Martin Luther and I have had a long but somewhat contentious relationship. Growing up in a Lutheran church, I memorized much of his Lutheran catechism, attended Luther League as a teenager, knew all the verses to “A Mighty Fortress Is Our God,” and graduated from Luther College. But despite this immersion in Lutheranism I never quite warmed to the stern German, and when I became an Episcopalian I was relieved to leave old Martin behind.
So it surprised me when tears come to my eyes as I entered Luther’s Room in Wartburg Castle on a recent trip to Germany. I knew the history of what had happened in that simply furnished, plain room in 1521-22. It was here that Luther translated the New Testament into German while hiding from church authorities after the uproar ignited by his 95 Theses, written to protest the sale of papal indulgences.
The tears came, I think, because in that room I realized as never before the power of a single person of faith to change the world.

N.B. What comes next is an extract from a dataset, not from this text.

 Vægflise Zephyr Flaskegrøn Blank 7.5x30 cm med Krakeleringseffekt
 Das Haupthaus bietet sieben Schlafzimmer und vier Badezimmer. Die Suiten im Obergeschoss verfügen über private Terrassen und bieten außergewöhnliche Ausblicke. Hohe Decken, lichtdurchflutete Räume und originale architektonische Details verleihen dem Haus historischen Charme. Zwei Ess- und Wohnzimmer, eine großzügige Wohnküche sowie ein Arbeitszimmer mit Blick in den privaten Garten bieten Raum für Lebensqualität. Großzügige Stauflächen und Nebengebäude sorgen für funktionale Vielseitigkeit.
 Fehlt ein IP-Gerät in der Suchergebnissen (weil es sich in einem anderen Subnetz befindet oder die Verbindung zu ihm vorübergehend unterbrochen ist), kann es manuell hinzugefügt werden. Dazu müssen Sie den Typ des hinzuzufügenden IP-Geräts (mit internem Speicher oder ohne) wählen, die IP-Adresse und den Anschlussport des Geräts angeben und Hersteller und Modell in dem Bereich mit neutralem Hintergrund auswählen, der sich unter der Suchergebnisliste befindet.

Luther’s influence came not from political might or inherited privilege, but instead from his refusal to recant what he knew was right. When brought before a tribunal who demanded that he repudiate his writings, he refused, knowing that his audacity could result in his death. That refusal to recant led him to exile in Wartburg Castle, where he transformed himself from Roman Catholic monk to Protestant reformer.

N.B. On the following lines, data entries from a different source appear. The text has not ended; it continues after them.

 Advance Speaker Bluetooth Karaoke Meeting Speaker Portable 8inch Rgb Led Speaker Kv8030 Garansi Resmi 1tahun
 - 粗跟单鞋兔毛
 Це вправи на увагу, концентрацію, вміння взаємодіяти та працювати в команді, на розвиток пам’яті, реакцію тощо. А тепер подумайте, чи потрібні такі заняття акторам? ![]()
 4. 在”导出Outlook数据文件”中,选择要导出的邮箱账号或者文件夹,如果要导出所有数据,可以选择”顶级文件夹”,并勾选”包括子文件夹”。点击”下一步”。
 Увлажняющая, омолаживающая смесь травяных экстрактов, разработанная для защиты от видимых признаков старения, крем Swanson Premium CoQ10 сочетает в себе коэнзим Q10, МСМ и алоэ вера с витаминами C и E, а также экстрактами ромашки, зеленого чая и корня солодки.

It’s no accident that many of the most powerful writings in history were penned in prison or during exile, from the book of Revelation written on the island of Patmos to Martin Luther King, Jr.’s “Letter from the Birmingham Jail.” While authorities think that such forced isolation will silence and intimidate rebels, instead the experience can forge a deepened commitment to justice and a hardened resolve. Alone with their thoughts and with God, countless prisoners of conscience have found their cells to be a crucible that tempers and strengthens them.
For Luther, the isolation of that room gave him the opportunity to create a vernacular translation of the Bible, an undertaking with profound implications for the church and for the world. In that room I could feel the invisible presence of those who had been influenced by Luther’s witness, from generations of Protestant reformers to Johann Sebastian Bach, who tried to express in music what Luther penned in his theological writings.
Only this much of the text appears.